Broadcasts were broadcast under the name "Educational Program". Programs began at 11:00, with a break around noon. The morning program consisted of a feature film and a concert program or a program about art. In some cases, entertainment programs, premieres or repeats of documentaries could be included. After the end of the broadcast break, programs resumed around 17:00 and ended before midnight. The weekday evening program during this period consisted of the premiere or repeat of a documentary film, a repeat of some youth or popular science program, as well as: programs and television films about art, concert programs and television concert films, cartoons, foreign language lessons (Italian, French, German, Spanish and English), repeats of feature films (mostly domestic, both one-part and multi-part mini-series). Sometimes on weekdays, sports broadcasts were also shown - for example, matches of the Russian Football Championship and the national team in this sport, both in full and in equal roles with the First Programme, as well as educational programs. The broadcast on weekends consisted of approximately the same, including repeats of children's Soviet television films.

===1992–1994: Ostankino 4th Channel===
On April 13, 1992, the management of the morning, afternoon and early evening weekday schedule was transferred to VGTRK. On June 1, the "Educational Program" changed its name to Russian Universities, but the programming policy, unlike the name of the channel, did not change at first - all the previous programs, including programs for children, foreign language lessons and other educational programs, Soviet feature and television films continued to be included in the schedule. Only some programs of a musical or entertainment nature and sports broadcasts that did not fit into the broadcast schedule of the main RTR channel became an addition. Management of the late evening weekday program and the program for weekends and holidays was left to RGTR "Ostankino", whose evening block of programs on weekdays began at 22:00, after the end of the Russian Universities programs. The evening block consisted mainly of showing one feature film, while anything other than films was shown in smaller quantities or might be absent altogether. The showing of some documentary television films and all cartoons, repeats of youth and popular science programs, and experimental programs were transferred from the weekday program to the weekend program, which was entirely under the control of RGTRK Ostankino. Broadcasting on weekends began at 9:00, with rare exceptions. Foreign language lessons were not included in the program schedule for these days. RGTRK Ostankino broadcast its entire airtime under the name Ostankino 4th Channel with a corresponding logo in the form of a stylized Arabic numeral "4" in a frame, in the lower right corner of the screen.
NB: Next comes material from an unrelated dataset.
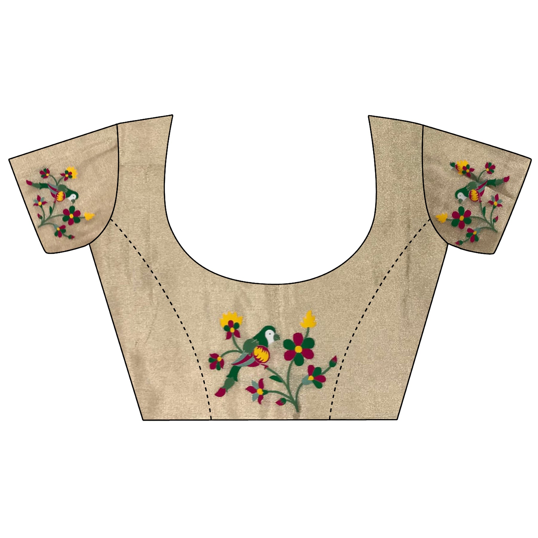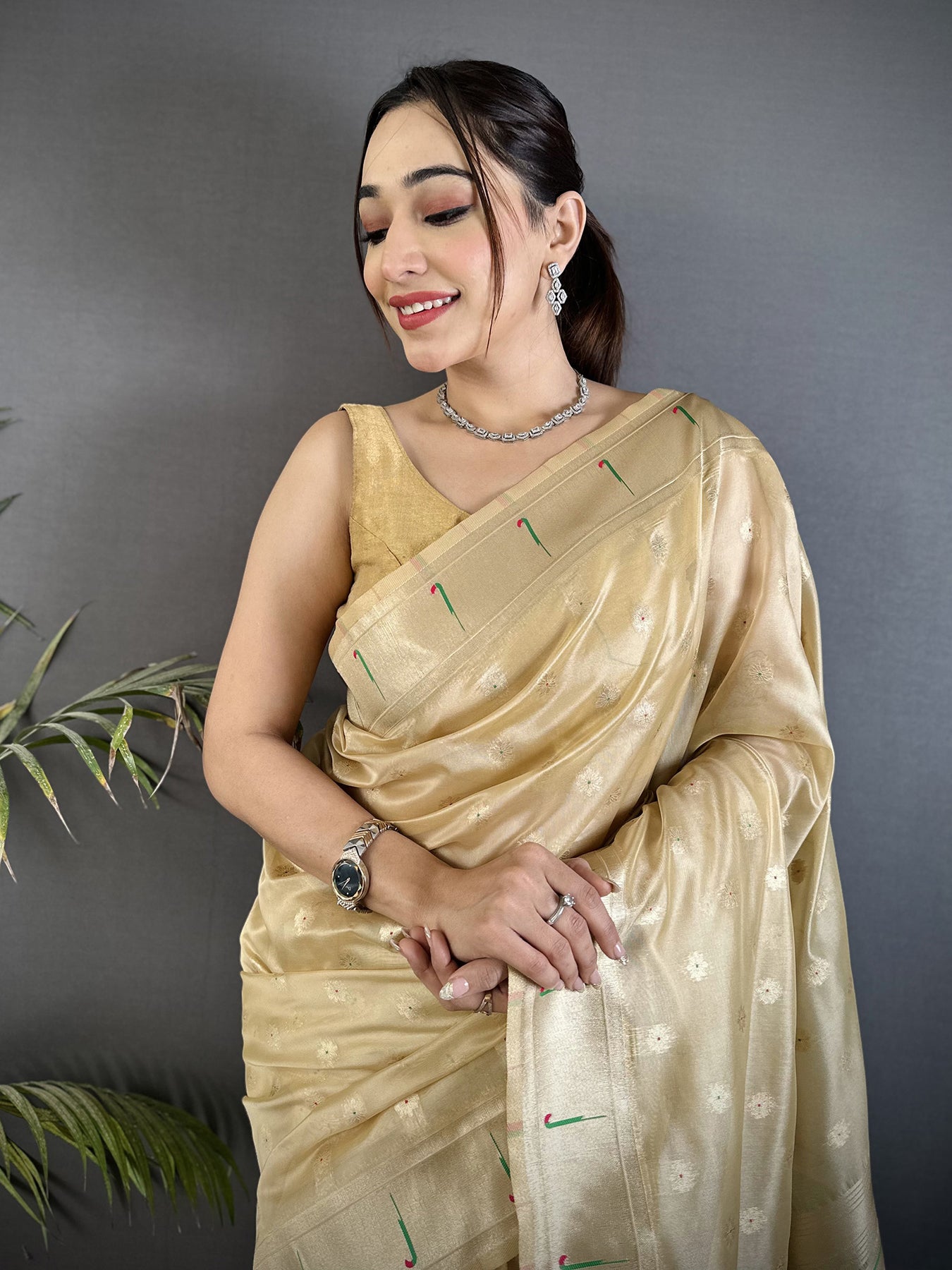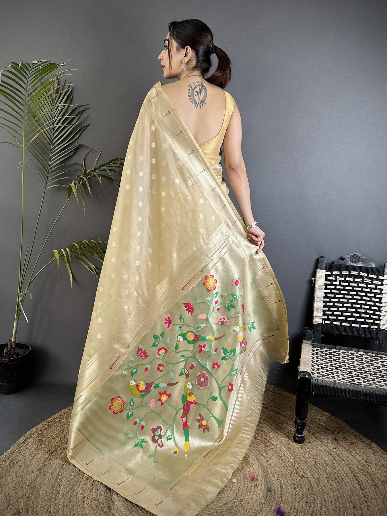 Elevate your ethnic style with this Beige Tissue Parrot & Floral Woven Design Paithani Saree. The soft tissue silk shines with every move, while colorful parrot and floral motifs reflect rich Indian tradition and timeless beauty.

The holiday and weekend program began to include more entertainment programs, in the release of which the ATV television company ("Author's Television", "New Studio") was involved. The president of ATV received the position of general director of Ostankino 4th Channel. The initiative for such changes belonged to the then chairman of the television and radio company, Yegor Yakovlev, who proposed to the ATV team to rehabilitate Ostankino 4th Channel, which was then a "television garbage dump of repeats and moldy educational programs".

Since January 17, 1994, the evening broadcast on Ostankino 4th Channel was transferred from RGTRK Ostankino to NTV channel, and the morning and daytime broadcasts to VGTRK (Russian Universities TV channel). The channel's broadcasting was completely stopped. Some of the programs of the former Ostankino 4th Channel until August 29, 1997 ("Vremechko" and "Tretii glaz", previously also "Voskresenie s Dmitriyem Dibrovym") continued to be produced by ATV for the NTV channel, until they were replaced by similar programs of NTV's own production.